Complementaridade entre marcos estadual e federal

A divisão de competências entre União e Estado é o ponto de partida para compreender o alcance da nova legislação. Enquanto o marco federal possui natureza regulatória e disciplina diretamente a cessão de áreas marítimas, os leilões, o licenciamento ambiental e as obrigações dos concessionários, a norma estadual adota caráter de política pública de apoio, sem criar direitos de exploração ou interferir nas competências federais sobre os bens marinhos.

Segundo Julia Liz da Mata Barbosa, advogada do Gaia Silva Gaede Advogados, a legislação estadual atua de forma complementar. "Enquanto a União estabelece as regras para a exploração da energia offshore, a legislação fluminense se concentra no ordenamento da zona costeira e na articulação dos impactos territoriais, ambientais e socioeconômicos", explica.

Carlos Augusto Tortoro Jr., sócio do Tortoro, Madureira & Ragazzi Advogados, detalha que a norma estadual se estrutura em cinco pilares: cooperação federativa, ordenamento territorial da zona costeira, participação social, desenvolvimento local com geração de empregos verdes e apoio técnico ao planejamento nacional. "Seu caráter é de política pública de apoio e facilitação, sem criar direitos de exploração, reconhecendo a primazia da União sobre bens marinhos e licenciamento", pontua.

Empreendimentos e licenciamento

Os projetos abrangidos incluem energia eólica offshore, energia solar flutuante, produção de hidrogênio verde, energia maremotriz e energia das ondas.
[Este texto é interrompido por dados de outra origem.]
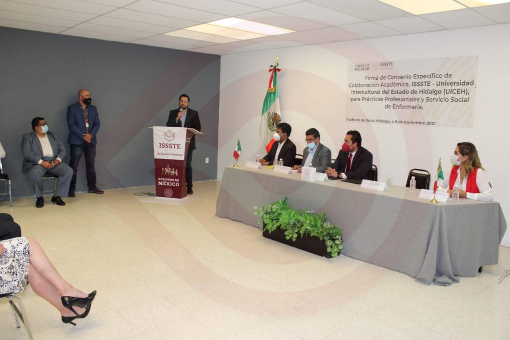 Pachuca de Soto, Hgo. – El Instituto de Seguridad y Servicios Sociales de los Trabajadores del Estado (ISSSTE) en Hidalgo; como institución prestadora de servicios de seguridad social, tiene la firme convicción de establecer vínculos de cooperación para el fortalecimiento de las acciones implementadas, en beneficio de las y los derechohabientes, a través de su Cuerpo Directivo, se celebró la firma de Convenio Académico de Colaboración con la Universidad Intercultural del Estado de Hidalgo para Prácticas Profesionales y Servicio Social de la Licenciatura en Enfermería.

Todos demandam estudos de impacto ambiental, monitoramento contínuo e planos de descomissionamento. O licenciamento ambiental permanece sob competência exclusiva da União, conduzido pelo IBAMA (Instituto Brasileiro do Meio Ambiente e dos Recursos Naturais Renováveis). Tortoro Jr. explica que o processo se divide em três fases:

  • Licença Prévia (2 a 4 anos em média);
  • Licença de Instalação (1 a 2 anos);
  • Licença de Operação (6 a 12 meses).

A advogada Julia Liz ressalta que a Lei estadual não institui licenças ou autorizações ambientais específicas em âmbito estadual. "Eventuais procedimentos dessa natureza tendem a ser definidos na etapa de regulamentação da política", observa.

Desafios para investidores

A legislação estadual não prevê incentivos fiscais diretos, mas estabelece mecanismos de facilitação institucional. Entre eles estão apoio técnico, cooperação no licenciamento, fornecimento de dados territoriais e ambientais, estímulo à qualificação profissional e inclusão de pequenas e médias empresas na cadeia produtiva. A norma também autoriza o Poder Executivo a criar programas de qualificação de trabalhadores.
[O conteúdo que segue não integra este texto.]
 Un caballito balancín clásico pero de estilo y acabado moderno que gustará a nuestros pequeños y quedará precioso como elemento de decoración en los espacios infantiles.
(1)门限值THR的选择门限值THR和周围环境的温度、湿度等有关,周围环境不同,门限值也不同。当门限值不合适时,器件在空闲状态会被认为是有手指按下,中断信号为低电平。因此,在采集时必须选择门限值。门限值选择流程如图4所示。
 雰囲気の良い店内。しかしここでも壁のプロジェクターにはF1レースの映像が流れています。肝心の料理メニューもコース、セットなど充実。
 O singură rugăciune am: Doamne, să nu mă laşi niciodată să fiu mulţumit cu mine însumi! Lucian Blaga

Entretanto, Julia Liz destaca que o principal entrave está na complexidade dos processos de licenciamento e na necessidade de coordenação entre esferas de governo, o que tende a alongar prazos. "No campo ambiental, há preocupações sobre impactos aos ecossistemas marinhos e à convivência com atividades existentes, como pesca e turismo", alerta.

Tortoro Jr. acrescenta outros obstáculos: ausência de regulamentação infralegal detalhada, conflitos de uso do espaço marítimo e insegurança jurídica quanto a direitos de concessão. Questões de infraestrutura, como adaptação de portos e disponibilidade de fornecedores especializados, também encarecem investimentos.

Riscos de conflito

A legislação fluminense reconhece expressamente a competência da União sobre a zona econômica exclusiva. Julia Liz explica que a posição do estado é colaborativa, com atuação no apoio técnico, ordenamento da zona costeira e gestão de impactos socioeconômicos, mediante convênios e cadastro estadual de acompanhamento de projetos.
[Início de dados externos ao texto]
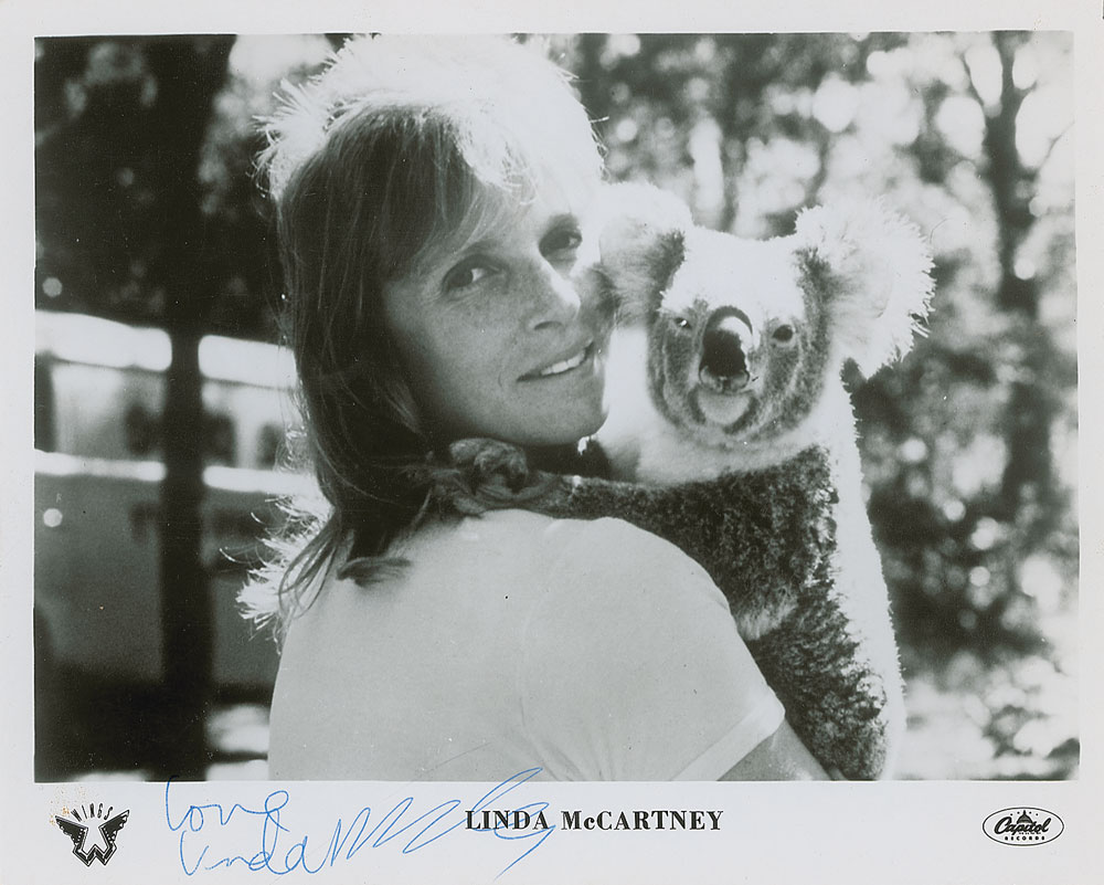 Glossy 10 x 8 Capitol Records Wings publicity photo of McCartney holding a koala, signed in the lower border in blue ballpoint, “Love, Linda McCartney.” In fine condition, with a trivial spot of soiling to lower left corner. Pre-certified REAL.

Contudo, Carlos Augusto Tortoro Jr. alerta para possíveis conflitos: divergências entre zoneamento estadual e planejamento federal, exigências adicionais de compensação ambiental e critérios distintos de monitoramento. "Esses conflitos podem gerar judicialização e insegurança para investidores, exigindo estratégias de governança e diálogo interinstitucional", conclui.

A efetividade do modelo dependerá da capacidade de articulação entre os entes e da gestão preventiva de eventuais conflitos nos pontos em que o uso do espaço marítimo envolve interesses econômicos, ambientais e sociais concorrentes.